Department of Environmental Sciences, University of Plymouth, Plymouth, U.K.

in collaboration with

Thornton Research Centre, Shell Research Limited, Chester, CH1 3SH U.K.

Inductively coupled plasma-mass spectrometry (ICP-MS) offers exceptional sensitivity and multi-element capability for trace metal analysis but the formation of polyatomic ions (particularly below m/z = 80) can cause serious interferences. Such species can be introduced via precursor atoms in atmospheric gases, the sample matrix or impurities in the argon support gas. This thesis describes the development of a portfolio of analytical methods coupled with ICP-MS detection for the determination of trace metals such as manganese, cobalt, copper, nickel, zinc, mercury and lead in complex matrices such as sea water. A literature review of coupled techniques is given in Chapter one.

Chapter two discusses the effect of sea water on the analytical performance of ICP-MS. Initial studies were carried out using a single channel flow injection (FI) manifold and included an investigation of the addition of nitrogen to the nebulizer gas flow of the ICP-MS for the reduction of the ArNa+ polyatomic ion interference at m/z = 63 on the Cu signal. This was followed by a multivariate simplex optimisation for the suppression of the ArNa+ polyatomic ion interference at m/z = 63 and non-spectroscopic interferences affecting other masses in sea water, for the determination of Cu, Cr, Mn, Ni, Co, Zn and Pb.

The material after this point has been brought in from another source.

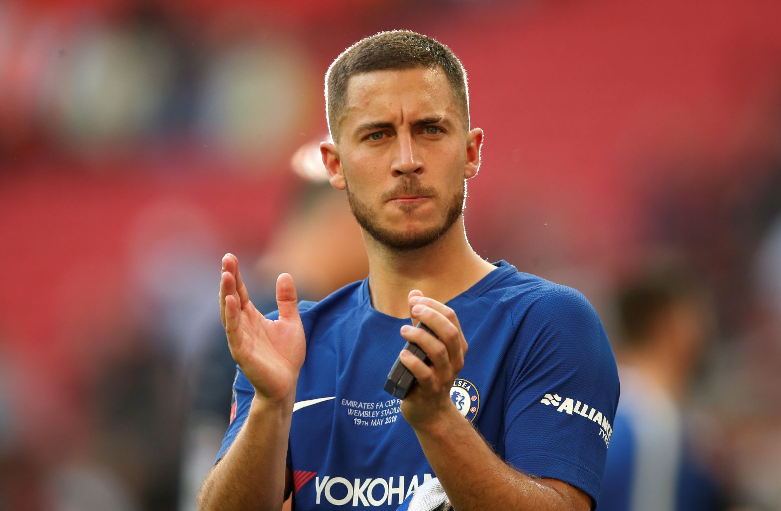 Chelsea's Eden Hazard applauds the fans after winning the FA Cup final in May 2018.

In Chapter three an on-line FI-ICP-MS matrix elimination method for the determination of trace metals such as Mn, Co, Cu, Zn and Pb in sea water is discussed. The method involved chelation of the analytes onto Chelex-100 or MetPac CC-1 iminodiacetate (IDA) resin, with the simultaneous removal of indirectly interfering matrix species, particularly Na and Cl ions. Results showing how the effects of the interferences were overcome, together with validation of the method by the analysis of open ocean, coastal and estuarine certified reference materials are reported.

Chapter four compares FI approaches coupled with AFS, ICP-AES and ICP-MS detectors for the determination of total mercury. Initial studies compared figures of merit for FI (conventional pneumatic nebulization) and FI-cold vapour generation (CVG) coupled with ICP-AES and ICP-MS. Detection limits for total Hg were improved by developing simple on- and off-line preconcentration procedures using a MetPac CC-1 micro-column incorporated in a FI manifold with conventional pneumatic nebulization. An AFS detector was then used in the development of a method for the determination of total mercury with an on-line bromide/bromate oxidation step.

In chapter five an LC-ICP-MS method for the speciation of Hg in sea water samples is described. The method involved the separation of mercury(II) chloride, methylmercury chloride and ethylmercury chloride on a C18 ODS stationary phase with an ammonium acetate/acetonitrile/2-mercaptoethanol mobile phase. In order to achieve the necessary detection limits required for the determination of mercury in real sea water samples (< 50 ng l-1), an off-line preconcentration method using a dithiocarbamate resin was used.